Is there a need for a culturally responsive curriculum in today’s diverse school districts? Well, just like with all things in this complex petri dish called public education, it depends on who you ask. Every learner deserves and has the right to receive a quality and equitable education. However, the delivery of that education must be contingent upon the needs of the students. Needless to say, the academic bar should be raised for all pupils regardless of race, ethnicity, gender, or socioeconomic status.
A large body of literature strongly supports what I have observed throughout my own career: Culturally responsive instruction has a positive impact on the academic outcomes of minority students.
For students to become and remain actively engaged in their learning experiences, there must be high-interest material that reflects their lives.
In the foundational 2000 book Culturally Responsive Teaching: Theory, Research, and Practice, researcher Geneva Gay defined culturally responsive teaching as “using cultural knowledge, prior experiences, frames of reference, and performance styles of ethnically diverse students to make learning more appropriate and effective.†This approach teaches to and through the strength of the students, thus empowering them to take ownership of their learning.
In culturally responsive classrooms, the classroom climate is a safe haven characterized by respect and care.
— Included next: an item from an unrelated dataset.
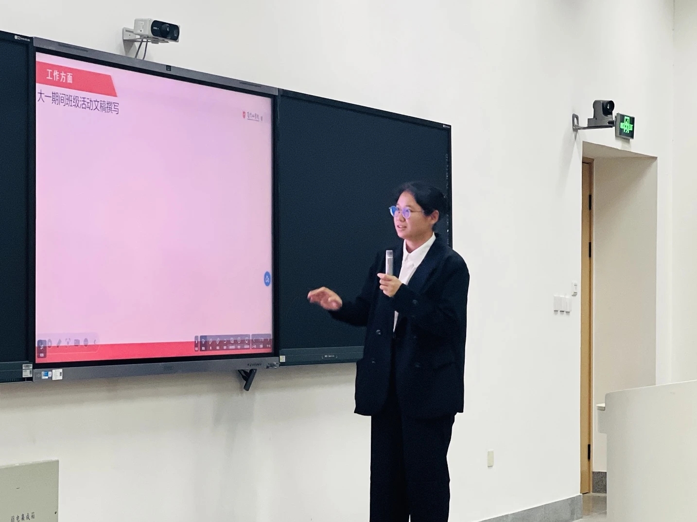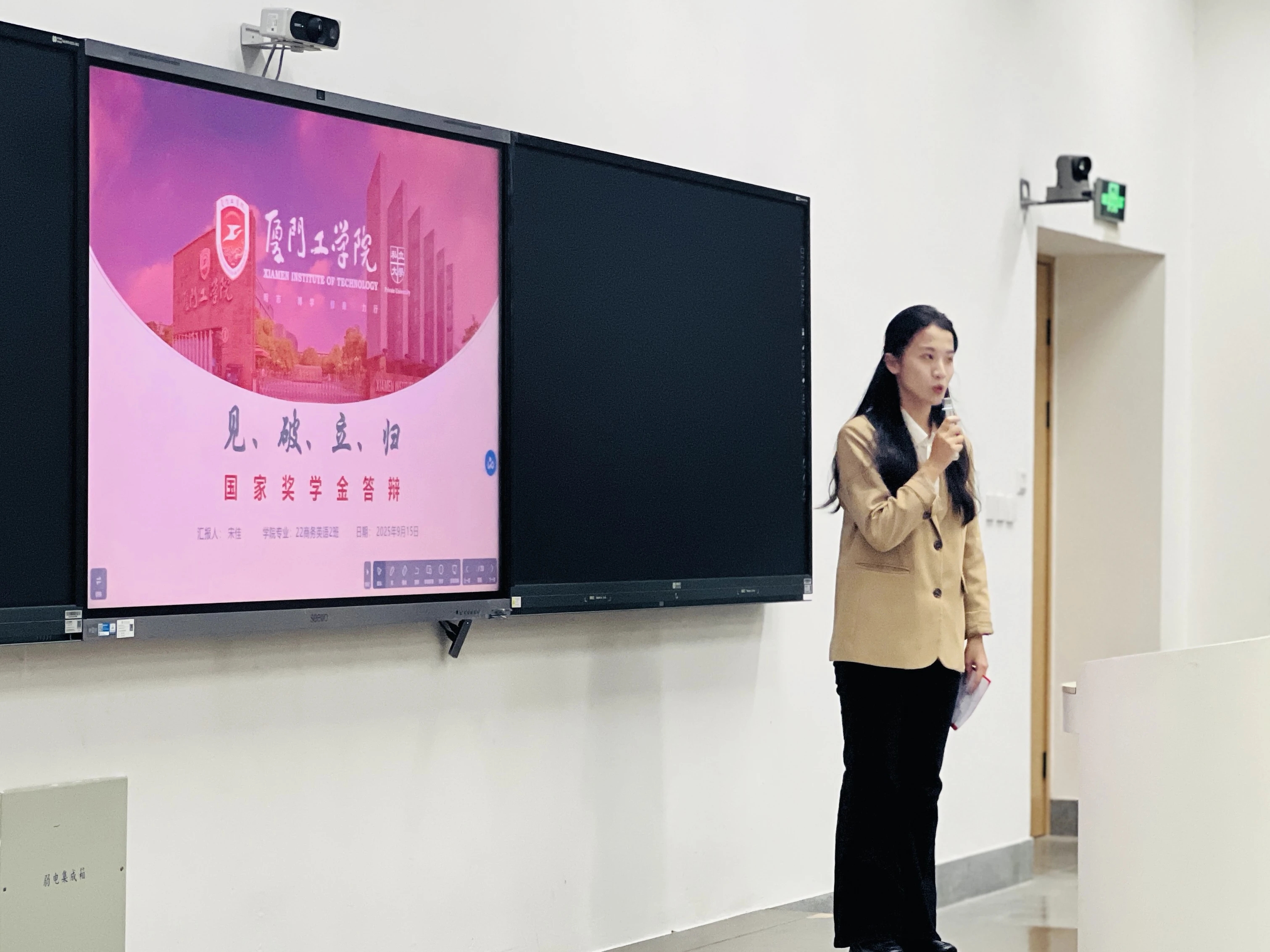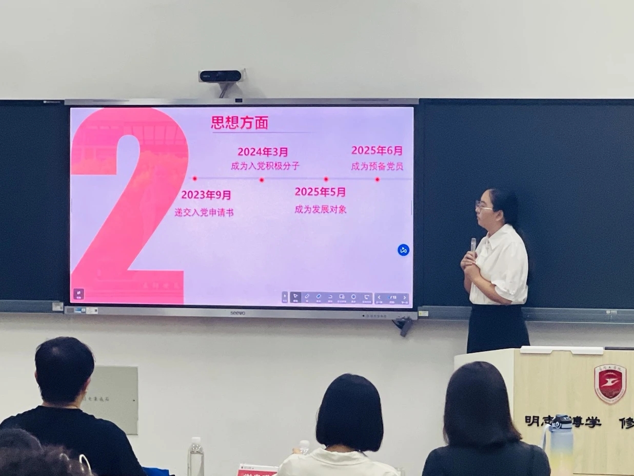 答辩会由学院办公室副主任吕思琪、专职导师郭爽以及班级导师王碧荣、罗新梅、金子骞、郭泓杉共同担任评委。在庄重而热烈的氛围中,主持人郑重宣布评选会正式开始。

Teachers establish trusting relationships that allow all students to take risks and to challenge the perspectives of others, including the teacher.
Obviously, there is no one-size-fits-all solution that will ensure academic success for any sub-group of students, but persistent disparities in the national graduation rate indicate that the current curricular approaches do not provide an equitable education for all learners.
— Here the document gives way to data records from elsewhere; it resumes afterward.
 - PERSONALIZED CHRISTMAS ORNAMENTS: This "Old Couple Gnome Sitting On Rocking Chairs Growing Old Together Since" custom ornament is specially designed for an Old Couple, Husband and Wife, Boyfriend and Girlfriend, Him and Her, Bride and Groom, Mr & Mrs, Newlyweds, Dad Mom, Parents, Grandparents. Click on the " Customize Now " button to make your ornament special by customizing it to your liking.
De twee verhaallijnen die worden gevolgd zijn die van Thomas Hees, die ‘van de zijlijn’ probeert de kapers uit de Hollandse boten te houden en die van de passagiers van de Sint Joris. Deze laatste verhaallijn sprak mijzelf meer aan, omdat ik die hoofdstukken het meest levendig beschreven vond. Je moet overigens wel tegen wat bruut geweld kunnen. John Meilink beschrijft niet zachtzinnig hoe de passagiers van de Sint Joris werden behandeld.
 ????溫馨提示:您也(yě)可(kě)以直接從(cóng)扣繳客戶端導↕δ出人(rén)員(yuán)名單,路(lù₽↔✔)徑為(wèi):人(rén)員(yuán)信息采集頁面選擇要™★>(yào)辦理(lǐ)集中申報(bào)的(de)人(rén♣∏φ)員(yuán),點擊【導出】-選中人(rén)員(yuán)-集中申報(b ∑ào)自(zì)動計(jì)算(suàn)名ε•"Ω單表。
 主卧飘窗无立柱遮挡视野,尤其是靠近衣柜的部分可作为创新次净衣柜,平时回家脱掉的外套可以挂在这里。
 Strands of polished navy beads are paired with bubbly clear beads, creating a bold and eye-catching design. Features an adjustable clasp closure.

To address these gaps, public, charter, and private schools in America must become culturally proficient learning centers. For students to become and remain actively engaged in their learning experiences, there must be high-interest material that reflects their lives. It is just as important for students in the majority population to be provided with a broader scope of literature and history outside of their experiences.
Waiting only for a specific month of the year to discuss contributions or sacrifices by Hispanics, Native Americans, Asian Americans, and African-Americans signals to students that those efforts were second-tier accomplishments. This inadvertently undermines the purpose of celebrating the aforementioned accomplishments.
As a middle school teacher in 1989, my colleagues and I first began utilizing what I would later learn to be culturally responsive instruction by infusing high-interest reading material into the district’s regular English/language arts curriculum. We began including prose, essays, and novels by diverse authors in our lesson plans, and required students to write letters to those historical figures. Other teachers I worked with began requiring students to use graphic organizers to compare and contrast their lives with an author, inventor, or scientist of a different race or gender.
Science, mathematics, and elective teachers can also be instrumental, by embedding historical facts in the curriculum related to minorities who had made major contributions in their respective fields. Those practices allow learners to understand that they had many traits, characteristics, experiences, and goals in common with yesterday’s heroes. More importantly, students begin to internalize that they, too, could be successful if they remain focused, work diligently, and keep their eye on the prize.
Years later, I saw how culturally relevant instruction could boost achievement on a districtwide scale, while serving as the director for middle schools and later the assistant superintendent for student support services in Tucson Unified School District. After the district introduced culturally relevant courses, graduation rates and standardized test scores measurably improved for some students who took the aforementioned courses.
Schools of education also have a part to play, by placing a greater emphasis on integrating culturally responsive and relevant coursework in the curricula used to prepare future teachers. It is unfair and almost impossible for educators in K-12 education systems to effectively infuse this pedagogy into their learning communities without appropriate training. Furthermore, most administrators and instructional coaches are not well versed on this curriculum framework, leaving many teachers without a solid foundation of the underpinnings and expected outcomes.
I submit that K-12 practitioners must receive hands-on experience during their student-teaching internships and participate in personal observations of this best practice while enrolled in college. Local college of education professors should also provide annual districtwide in-service training to all instructional and administrative staff, including the school board and the superintendent to ensure buy-in and commitment at the highest level.
Embedding culturally responsive instruction in the comprehensive curriculum yields positive learning outcomes for many minority students. Ultimately, it is imperative that the instructional and school leaders have high expectations for all learners in the building.